- _WORK INSTRUCTION_
Once you find the line containing "Îmbrăcăminte pentru femei" in the data below, copy it and each following line exactly, up to and including the line containing "Сувенир полистоун световой", and nothing else.

──────── INFORMATION SHOWN ────────

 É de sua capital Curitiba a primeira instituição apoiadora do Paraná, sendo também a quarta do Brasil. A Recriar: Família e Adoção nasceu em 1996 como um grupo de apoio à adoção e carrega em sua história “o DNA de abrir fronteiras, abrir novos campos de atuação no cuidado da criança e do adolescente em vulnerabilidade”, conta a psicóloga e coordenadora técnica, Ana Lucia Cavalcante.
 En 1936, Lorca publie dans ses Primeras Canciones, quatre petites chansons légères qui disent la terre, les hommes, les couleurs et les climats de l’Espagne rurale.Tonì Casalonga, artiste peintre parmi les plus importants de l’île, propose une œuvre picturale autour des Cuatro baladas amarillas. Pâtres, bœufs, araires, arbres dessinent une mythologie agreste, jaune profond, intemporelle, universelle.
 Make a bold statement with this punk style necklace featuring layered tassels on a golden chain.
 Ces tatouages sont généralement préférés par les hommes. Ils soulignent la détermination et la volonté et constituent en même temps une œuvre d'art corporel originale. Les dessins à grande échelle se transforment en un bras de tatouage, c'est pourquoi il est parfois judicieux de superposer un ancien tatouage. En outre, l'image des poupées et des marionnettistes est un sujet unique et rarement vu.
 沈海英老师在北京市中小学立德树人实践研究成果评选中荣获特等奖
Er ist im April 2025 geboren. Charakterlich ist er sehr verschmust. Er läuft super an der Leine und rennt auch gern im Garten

────────
──────── INFORMATION SHOWN ────────

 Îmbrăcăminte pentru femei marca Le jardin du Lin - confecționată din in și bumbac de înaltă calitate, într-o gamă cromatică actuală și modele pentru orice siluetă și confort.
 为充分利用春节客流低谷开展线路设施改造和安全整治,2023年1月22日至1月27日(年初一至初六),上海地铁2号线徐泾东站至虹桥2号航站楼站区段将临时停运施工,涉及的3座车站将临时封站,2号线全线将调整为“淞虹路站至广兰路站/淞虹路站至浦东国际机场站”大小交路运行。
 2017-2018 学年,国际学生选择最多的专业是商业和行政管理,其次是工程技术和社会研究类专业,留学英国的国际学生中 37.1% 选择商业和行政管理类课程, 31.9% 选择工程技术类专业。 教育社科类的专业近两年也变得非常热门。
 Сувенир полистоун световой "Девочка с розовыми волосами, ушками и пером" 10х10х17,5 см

────────

- _SOLUTION TO THE EXERCISE_
 Îmbrăcăminte pentru femei marca Le jardin du Lin - confecționată din in și bumbac de înaltă calitate, într-o gamă cromatică actuală și modele pentru orice siluetă și confort.
 为充分利用春节客流低谷开展线路设施改造和安全整治,2023年1月22日至1月27日(年初一至初六),上海地铁2号线徐泾东站至虹桥2号航站楼站区段将临时停运施工,涉及的3座车站将临时封站,2号线全线将调整为“淞虹路站至广兰路站/淞虹路站至浦东国际机场站”大小交路运行。
 2017-2018 学年,国际学生选择最多的专业是商业和行政管理,其次是工程技术和社会研究类专业,留学英国的国际学生中 37.1% 选择商业和行政管理类课程, 31.9% 选择工程技术类专业。 教育社科类的专业近两年也变得非常热门。
 Сувенир полистоун световой "Девочка с розовыми волосами, ушками и пером" 10х10х17,5 см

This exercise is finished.